*Problem description*
Within the listing that follows, reproduce exactly the lines starting at the line with "CJ Miles grabs" and ending at the line with "传真317期 今期生肖一九开,狗打老鼠无功劳。 腊月冬季宰大猪,特定红绿满园春。", inclusive, and only those. Pictures are dropped.

*Given information*
====
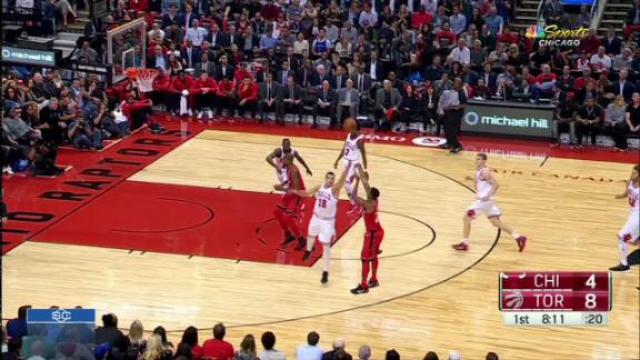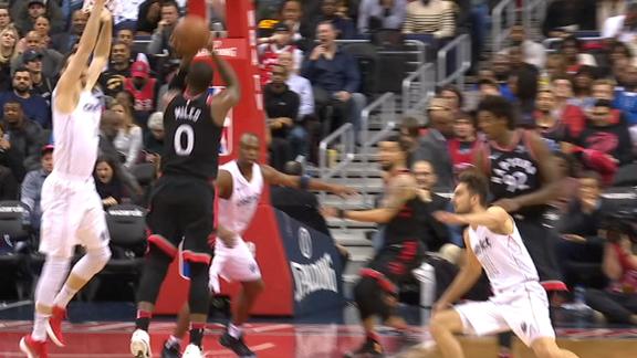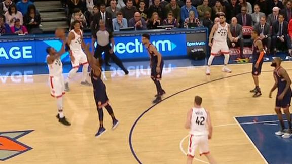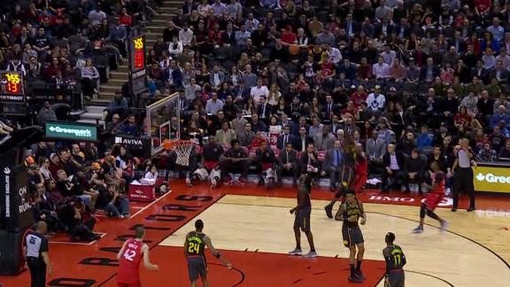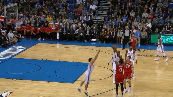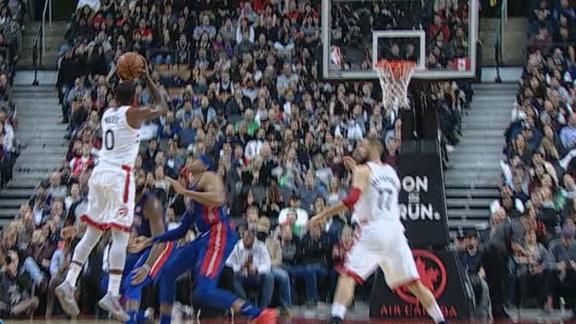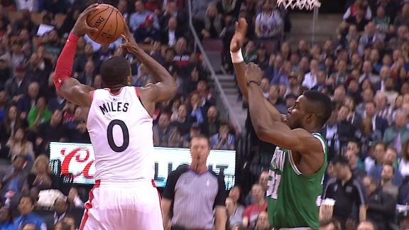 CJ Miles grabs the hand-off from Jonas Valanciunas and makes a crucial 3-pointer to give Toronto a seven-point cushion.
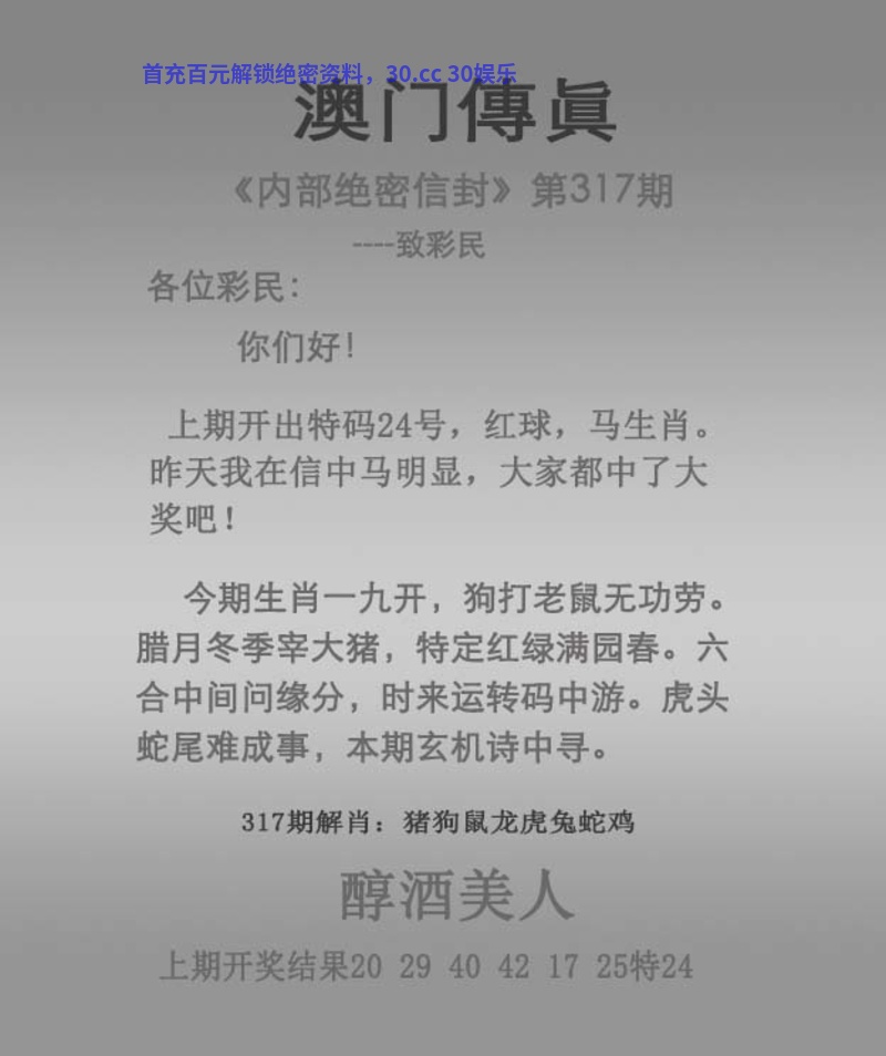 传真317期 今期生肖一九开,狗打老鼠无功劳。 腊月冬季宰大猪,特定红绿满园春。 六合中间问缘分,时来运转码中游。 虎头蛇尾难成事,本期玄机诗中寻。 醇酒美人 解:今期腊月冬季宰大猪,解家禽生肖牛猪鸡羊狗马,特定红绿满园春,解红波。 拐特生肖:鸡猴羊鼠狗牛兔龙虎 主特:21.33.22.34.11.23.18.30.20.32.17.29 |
====
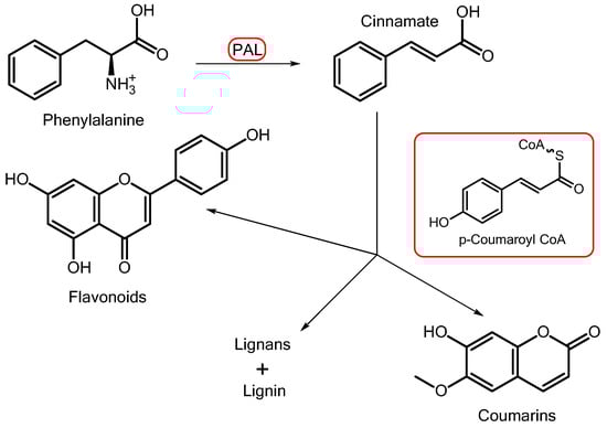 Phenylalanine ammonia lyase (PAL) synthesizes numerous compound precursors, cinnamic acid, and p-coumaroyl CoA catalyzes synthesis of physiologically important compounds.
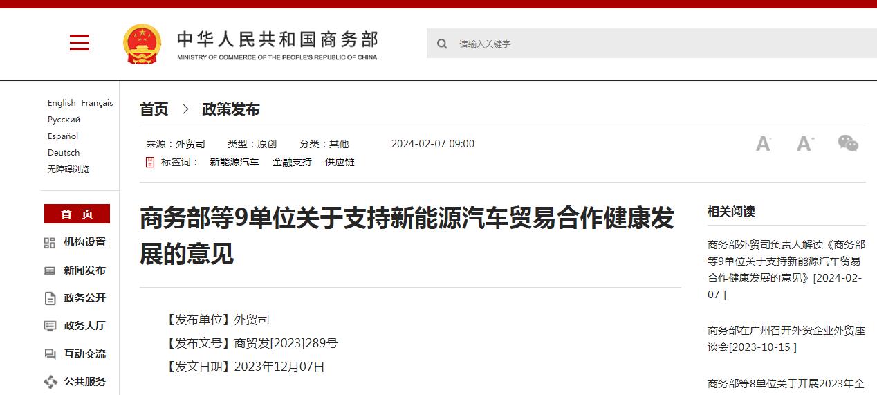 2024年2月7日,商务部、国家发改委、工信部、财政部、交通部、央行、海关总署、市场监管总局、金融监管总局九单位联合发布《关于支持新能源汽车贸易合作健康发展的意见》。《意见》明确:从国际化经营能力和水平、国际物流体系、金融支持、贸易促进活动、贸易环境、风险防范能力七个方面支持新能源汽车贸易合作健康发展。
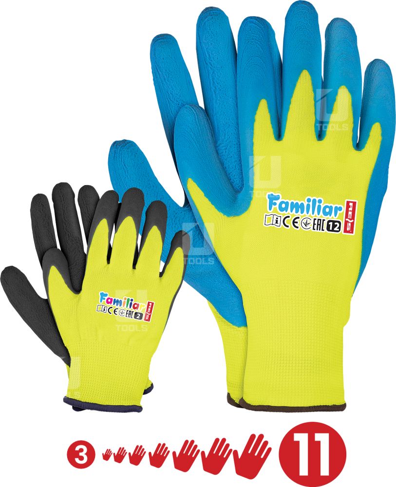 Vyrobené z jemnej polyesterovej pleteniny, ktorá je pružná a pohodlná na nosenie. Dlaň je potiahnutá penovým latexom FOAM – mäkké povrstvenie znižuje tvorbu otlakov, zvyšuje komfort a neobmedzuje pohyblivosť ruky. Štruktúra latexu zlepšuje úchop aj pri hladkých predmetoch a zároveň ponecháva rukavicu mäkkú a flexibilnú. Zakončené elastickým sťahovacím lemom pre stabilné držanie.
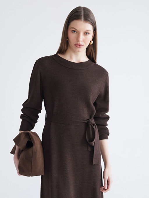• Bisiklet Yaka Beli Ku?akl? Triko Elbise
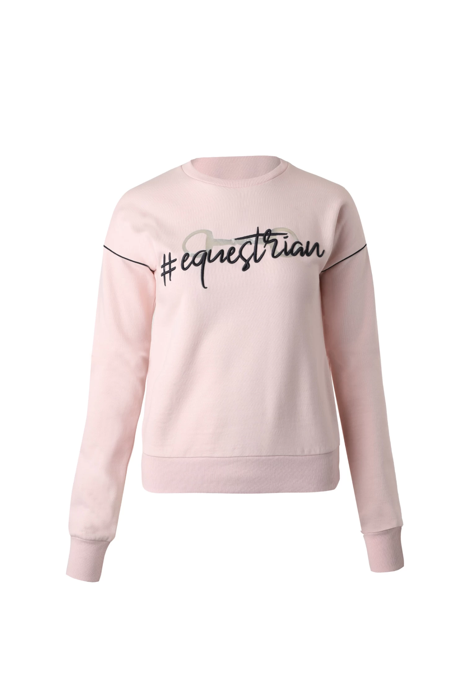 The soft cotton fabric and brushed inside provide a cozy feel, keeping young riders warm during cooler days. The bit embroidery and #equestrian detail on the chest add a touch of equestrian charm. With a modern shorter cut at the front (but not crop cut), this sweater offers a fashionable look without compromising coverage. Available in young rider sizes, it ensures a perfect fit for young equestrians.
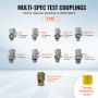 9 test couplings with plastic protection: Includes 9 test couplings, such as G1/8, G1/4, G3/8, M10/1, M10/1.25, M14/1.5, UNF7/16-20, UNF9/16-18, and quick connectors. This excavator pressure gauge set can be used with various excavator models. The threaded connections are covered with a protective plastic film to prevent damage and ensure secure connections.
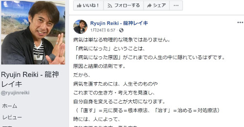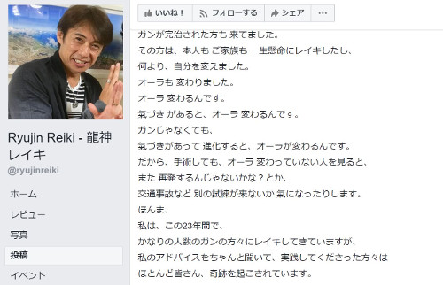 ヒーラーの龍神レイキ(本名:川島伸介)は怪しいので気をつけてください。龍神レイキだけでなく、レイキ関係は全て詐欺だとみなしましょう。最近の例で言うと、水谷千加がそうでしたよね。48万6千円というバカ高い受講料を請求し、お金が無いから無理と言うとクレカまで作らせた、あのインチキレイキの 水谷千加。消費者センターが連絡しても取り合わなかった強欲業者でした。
====
*Answer to the exercise*
 CJ Miles grabs the hand-off from Jonas Valanciunas and makes a crucial 3-pointer to give Toronto a seven-point cushion.
 传真317期 今期生肖一九开,狗打老鼠无功劳。 腊月冬季宰大猪,特定红绿满园春。 六合中间问缘分,时来运转码中游。 虎头蛇尾难成事,本期玄机诗中寻。 醇酒美人 解:今期腊月冬季宰大猪,解家禽生肖牛猪鸡羊狗马,特定红绿满园春,解红波。 拐特生肖:鸡猴羊鼠狗牛兔龙虎 主特:21.33.22.34.11.23.18.30.20.32.17.29 |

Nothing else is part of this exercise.